The first class has graduated from the Green Line Small Business Initiative, a program the City of Chicago says is focused on providing training and assistance to small and disadvantaged businesses enterprises (DBEs) to compete for work on improvements at four Green Line stations.
Chicago Transit Authority (CTA) board chairman Terry Paterson, with CTA president Dorval R. Carter, Jr. and Mayor Rahm Emanuel presented the graduates representing 26 small businesses and DBEs from Chicago’s South and West Sides with certificates commemorating their achievements on Aug. 24.
The work relates to four stations — 51st St., Halsted, Cottage Grove and Kedzie.
“CTA infrastructure projects provide us with an opportunity to invest not only in CTA property, but in Chicago’s local businesses,” Emanuel said in a statement. “This program gives contractors the tools and education they need to bid on large-scale CTA capital investment projects, which will generate new economic opportunities that reach neighborhoods throughout Chicago.”
The program participants engaged in a five-course educational series hosted by CTA and received instruction from key CTA contractors who provided their insight on best practices, managing and understanding projects, project reporting and other subject areas. Training for new participants will continue in the fall of 2017 with most work occurring in 2018.

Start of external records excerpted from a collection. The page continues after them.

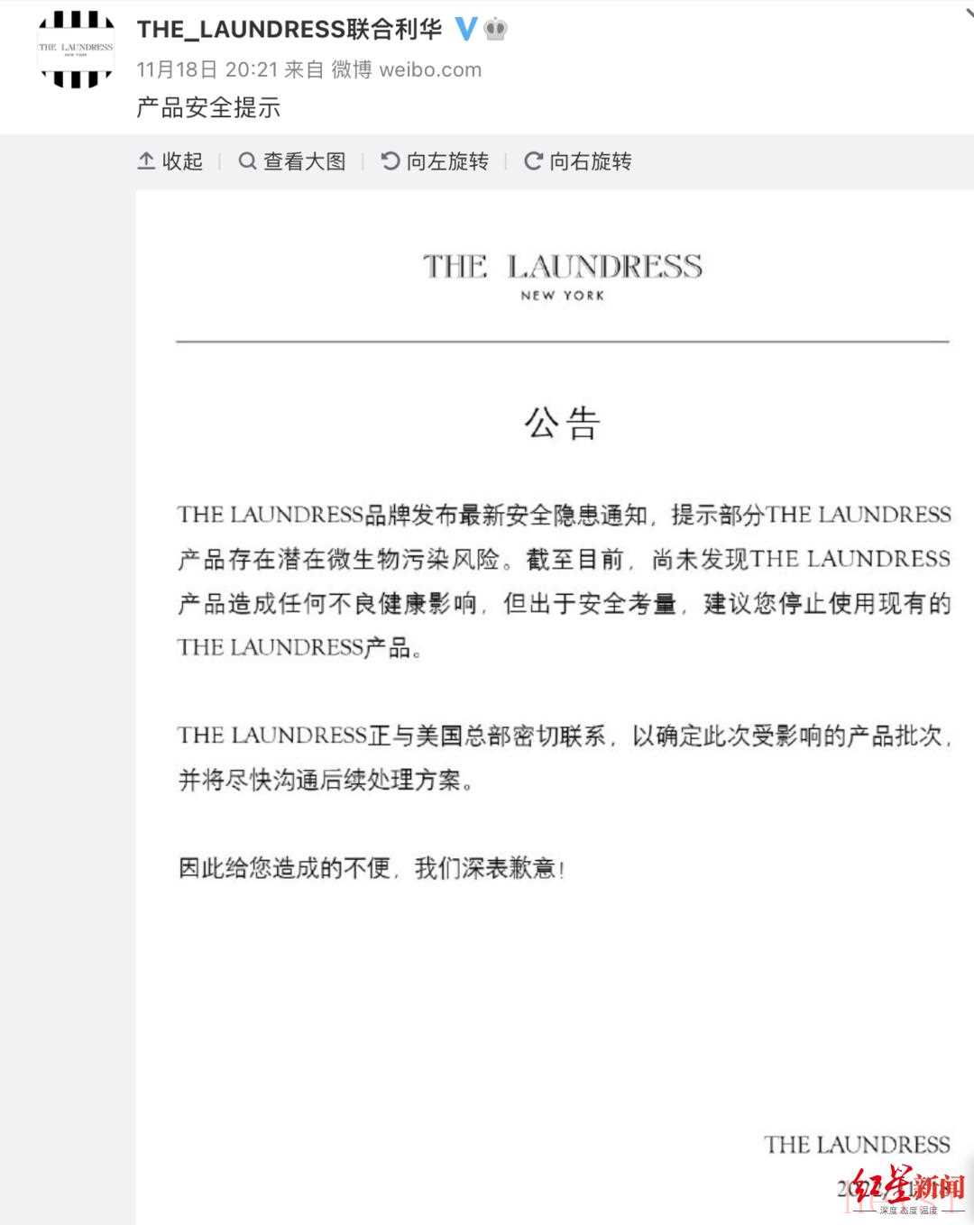 11月18日,THE LAUNDRESS在其官方微博發(fā)布安全隱患通知,部分產(chǎn)品存在潛在微生物污染風(fēng)險(xiǎn)。截至目前,尚未發(fā)現(xiàn)產(chǎn)品造成任何不良健康影響,但出于安全考量,建議停止使用現(xiàn)有的THE LAUNDRESS產(chǎn)品。品牌正與美國(guó)總部密切聯(lián)系,以確定此次受影響的產(chǎn)品批次并將盡快溝通后續(xù)處理方案。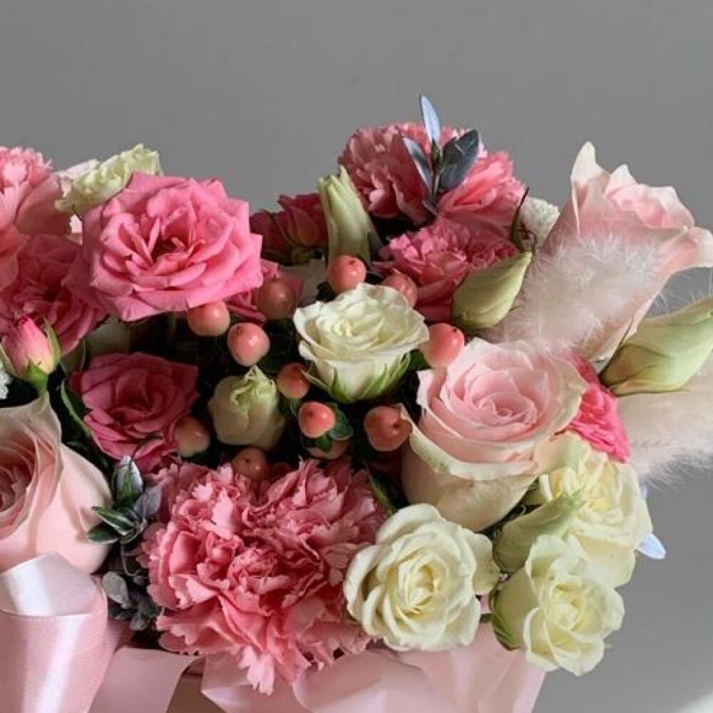 Диантус – 3 шт.Роза пионовидная кустовая – 3 шт.Роза – 5 шт.Эустома – 1 шт.Гиперикум – 2 шт.Фисташка – 1 шт.Шляпная коробка – 1 шт.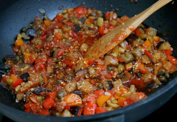 Когда все ингредиенты объединятся, содержимое кастрюли тушат на медленном огне около 20-25 минут. Важно периодически помешивать, чтобы ничего не пригорело. За пять минут до готовности добавляют мелко нарезанную зелень и оставшееся масло. Готовая икра должна приобрести однородную консистенцию и темно-коричневый цвет. По желанию можно измельчить часть икры блендером для более нежной текстуры, оставив часть кусочков для контраста.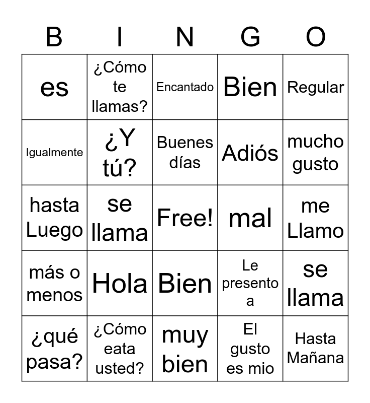 This bingo card has a free space and 24 words: Hola, ¿Cómo eata usted?, Buenes días, ¿qué pasa?, Regular, es, Igualmente, ¿Cómo te llamas?, mal, Bien, Adiós, hasta Luego, Le presento a, se llama, ¿Y tú?, El gusto es mio, me Llamo, Encantado, mucho gusto, se llama, Hasta Mañana, más o menos, Bien and muy bien.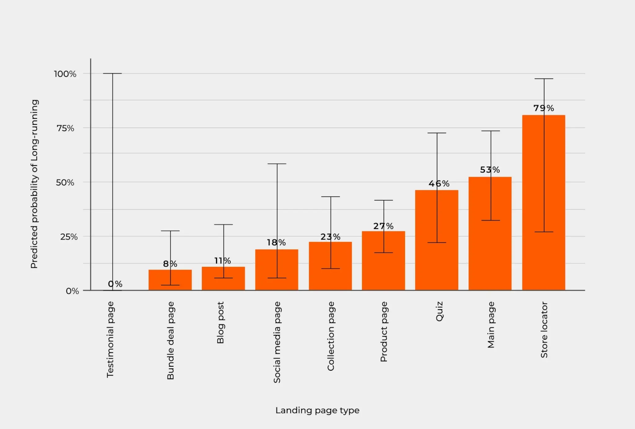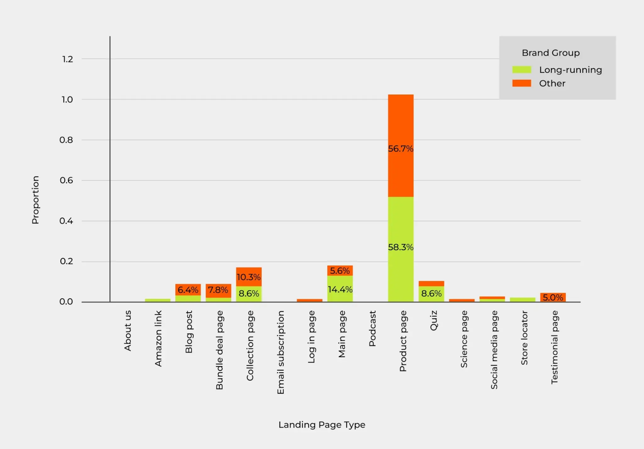 In the following visualization, you’ll see that brands with long-running ads lean heavily on product pages (58%) and main pages (14%). These choices drive consistency and clear brand experience, which appears to sustain campaigns over time. Other brands in our sample, on the other hand, spread their bets wider: they rely also heavily on product pages (56%), but also allocate traffic toward testimonial pages (5%), collection pages (10%), and blogs (7%).

“The Green Line Small Business Initiative is proof of CTA’s continued investment in the people and communities we serve,” Carter said. “By teaching contractors the skills they need to work with a large agency such as CTA, we help empower them to compete on a broader playing field.”
This initiative continues CTA’s unique model for business education and outreach, which began during the Red Line South reconstruction project in 2013. During the five-month long reconstruction, which completely rebuilt the 10.2-mile stretch just north of Cermak-Chinatown to 95th St., CTA exceeded its DBE participation goals by working with 39 minority-owned companies. Additionally, rebuilding the 44-year-old track offered DBEs the opportunity to earn $89 million for their work on this historic project. Since Emanuel took office, the CTA has undertaken 46 station modernizations or comprehensive rehabilitations, the city says in its news release.
Earlier in the month, Emanuel and Chicago Department of Planning and Development (CPD) commissioner David Reifman announced many of the city’s largest construction projects will now be required to report on their efforts to solicit and hire minority- and women-owned business (MBE/WBE).
The action was taken through an executive order signed by Emanuel, which requires developers seeking Planned Development (PD) zoning approvals by the Chicago Plan Commission to submit signed affidavits about their efforts to promote and incorporate participation by certified MBE/WBE firms and plans for local hiring.